Par conséquent, on pourrait proposer le mécanisme de maturation de l’ARNr 18S suivant : dans un premier temps, Nob1 adopte une conformation inactive bloquée par Pno1. L’arrivée de la kinase Rio1 entraine la dissociation des facteurs Ltv1 et Rio2, ce phénomène entraine un réarrangement structural qui va destabiliser l’interaction de Pno1 avec l’ARN, permettant ainsi le chargement de RPS26 au niveau de l’extrémité 3’ de l’ARNr 18S qui est dépendant de Cinap et RPS14. On aurait donc un échange RPS26/Cinap en Pno1/Cinap. Dans ce cas de figure, Pno1 pourrait réguler la fonction ATPase de Cinap ce qui lui permettrait de reconnaître Nob1 induisant un changement de conformation et donc l’activation de sa fonction endonucléolytique pour assurer la coupure du site D et finalement la maturation de l’ARNr 18S (Figure 43).
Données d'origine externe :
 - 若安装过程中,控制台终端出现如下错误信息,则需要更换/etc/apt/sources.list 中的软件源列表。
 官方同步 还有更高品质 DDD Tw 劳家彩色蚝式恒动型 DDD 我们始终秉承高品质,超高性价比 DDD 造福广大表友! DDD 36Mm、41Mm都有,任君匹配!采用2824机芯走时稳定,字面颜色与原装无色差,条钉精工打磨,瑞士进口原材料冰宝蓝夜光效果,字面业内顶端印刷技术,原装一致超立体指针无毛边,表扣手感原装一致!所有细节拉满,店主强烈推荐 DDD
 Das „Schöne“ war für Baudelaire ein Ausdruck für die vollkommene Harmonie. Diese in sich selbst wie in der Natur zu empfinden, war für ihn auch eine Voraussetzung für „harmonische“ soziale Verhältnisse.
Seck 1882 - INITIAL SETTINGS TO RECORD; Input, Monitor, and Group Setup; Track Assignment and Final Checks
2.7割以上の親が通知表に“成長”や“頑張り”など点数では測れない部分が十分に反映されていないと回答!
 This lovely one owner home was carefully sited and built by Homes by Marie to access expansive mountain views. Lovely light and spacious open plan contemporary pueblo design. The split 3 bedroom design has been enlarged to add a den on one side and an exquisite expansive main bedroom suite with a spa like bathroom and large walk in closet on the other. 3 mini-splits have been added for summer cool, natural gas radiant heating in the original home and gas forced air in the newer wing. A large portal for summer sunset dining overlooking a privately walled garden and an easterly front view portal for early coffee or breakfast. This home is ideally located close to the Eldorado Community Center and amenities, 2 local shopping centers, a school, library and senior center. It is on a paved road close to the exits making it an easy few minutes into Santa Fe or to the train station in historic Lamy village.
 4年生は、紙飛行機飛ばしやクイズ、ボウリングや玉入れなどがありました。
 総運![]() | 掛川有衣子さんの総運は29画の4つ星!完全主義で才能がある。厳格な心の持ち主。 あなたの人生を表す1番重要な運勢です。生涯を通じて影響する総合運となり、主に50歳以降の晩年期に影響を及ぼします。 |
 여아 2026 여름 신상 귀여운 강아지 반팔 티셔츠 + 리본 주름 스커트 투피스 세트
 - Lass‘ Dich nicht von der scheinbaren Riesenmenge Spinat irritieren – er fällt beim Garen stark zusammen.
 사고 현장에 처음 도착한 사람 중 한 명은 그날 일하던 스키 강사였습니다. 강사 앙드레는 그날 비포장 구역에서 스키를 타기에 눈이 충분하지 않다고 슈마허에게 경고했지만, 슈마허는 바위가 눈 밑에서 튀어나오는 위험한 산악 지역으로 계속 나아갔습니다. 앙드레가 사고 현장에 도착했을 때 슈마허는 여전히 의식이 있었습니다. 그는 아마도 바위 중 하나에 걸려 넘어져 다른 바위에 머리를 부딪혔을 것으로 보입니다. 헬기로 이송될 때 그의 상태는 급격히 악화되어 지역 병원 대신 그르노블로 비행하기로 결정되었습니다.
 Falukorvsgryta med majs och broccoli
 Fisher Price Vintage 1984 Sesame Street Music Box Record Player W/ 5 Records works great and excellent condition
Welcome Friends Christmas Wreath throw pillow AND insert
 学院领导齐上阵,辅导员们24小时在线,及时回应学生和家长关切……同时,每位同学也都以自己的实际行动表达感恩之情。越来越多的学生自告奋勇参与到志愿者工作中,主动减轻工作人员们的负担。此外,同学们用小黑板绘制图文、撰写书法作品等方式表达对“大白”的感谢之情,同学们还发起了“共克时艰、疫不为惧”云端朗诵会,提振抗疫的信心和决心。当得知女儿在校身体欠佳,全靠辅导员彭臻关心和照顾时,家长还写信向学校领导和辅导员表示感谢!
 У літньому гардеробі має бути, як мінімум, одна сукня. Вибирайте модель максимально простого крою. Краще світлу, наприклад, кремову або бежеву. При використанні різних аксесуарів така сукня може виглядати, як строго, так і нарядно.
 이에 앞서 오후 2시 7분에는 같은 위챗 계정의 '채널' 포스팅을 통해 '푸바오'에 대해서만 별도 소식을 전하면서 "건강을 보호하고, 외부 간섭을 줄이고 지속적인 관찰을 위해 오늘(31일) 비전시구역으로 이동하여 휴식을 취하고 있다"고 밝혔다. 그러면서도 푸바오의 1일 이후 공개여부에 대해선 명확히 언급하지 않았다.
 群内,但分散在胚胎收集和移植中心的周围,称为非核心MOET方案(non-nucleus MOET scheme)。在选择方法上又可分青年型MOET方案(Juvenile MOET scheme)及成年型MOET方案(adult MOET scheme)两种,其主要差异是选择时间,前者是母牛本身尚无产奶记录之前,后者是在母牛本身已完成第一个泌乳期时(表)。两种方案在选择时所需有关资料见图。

Néanmoins, le modèle proposé reste à valider puisque si des interactions directes entre Cinap et Nob1 ont été rapportées dans la littérature, nos expériences de pull down ou de co-expression ne sont pas très concluantes. En effet, si on observe une interaction entre Nob1 et Cinap en co-expression, ces mêmes résultats ne sont pas observés dans les tests de pull down. Nous n’avons pas non plus réussi à étudier la relation entre l’ensemble de ces différentes protéines (Nob1, Pno1, Cinap, RPS14 et RPS26).

La principale difficulté vient du fait que les RPs sont connues pour avoir besoin d’un partenaire comme leur chaperonne pour stabiliser leur expression. C’est effectivement le cas de la protéine RPS14 qui se comporte mieux lorsqu’elle est co-exprimée avec Cinap. Cependant, le modèle proposé nécessite d’avoir les protéines seules pour effectuer les contrôles. Ces derniers sont importants pour voir si les protéines RPS26 ou RPS14 peuvent déplacer Pno1 de l’ARNr dans des expériences de retard sur gel. On peut aussi penser que l’ajout de ces facteurs dans les tests d’activités endonucléolytiques pourrait nous apporter des informations plus pertinentes concernant l’activité de Nob1, ce qui in fine, pourraient soutenir ou infirmer le modèle de maturation proposé.

pg. 120 Figure 43 : Proposition d’un modèle de la maturation de l’ARNr 18S : activation de l’endonucléase Nob1. Les protéines Nob1 (bleu), Pno1 (rose) et RPS14 (orange). L’endonucléase adopte une conformation « inactive ». L’arrivée de la kinase Rio1 (rouge) entraine le départ des AFs : Ltv1 et Rio2, le recrutement de Rio1 déstabilise l’interaction de Pno1 au pré-ribosome qui permet le recrutement de RpS26 (violet) dépendant de Cinap (Vert) qui va l’échanger avec Pno1. Le complexe formé (Cinap/Pno1) induit un changement de conformation de Nob1 entrainant son activation et par conséquent le clivage du site D.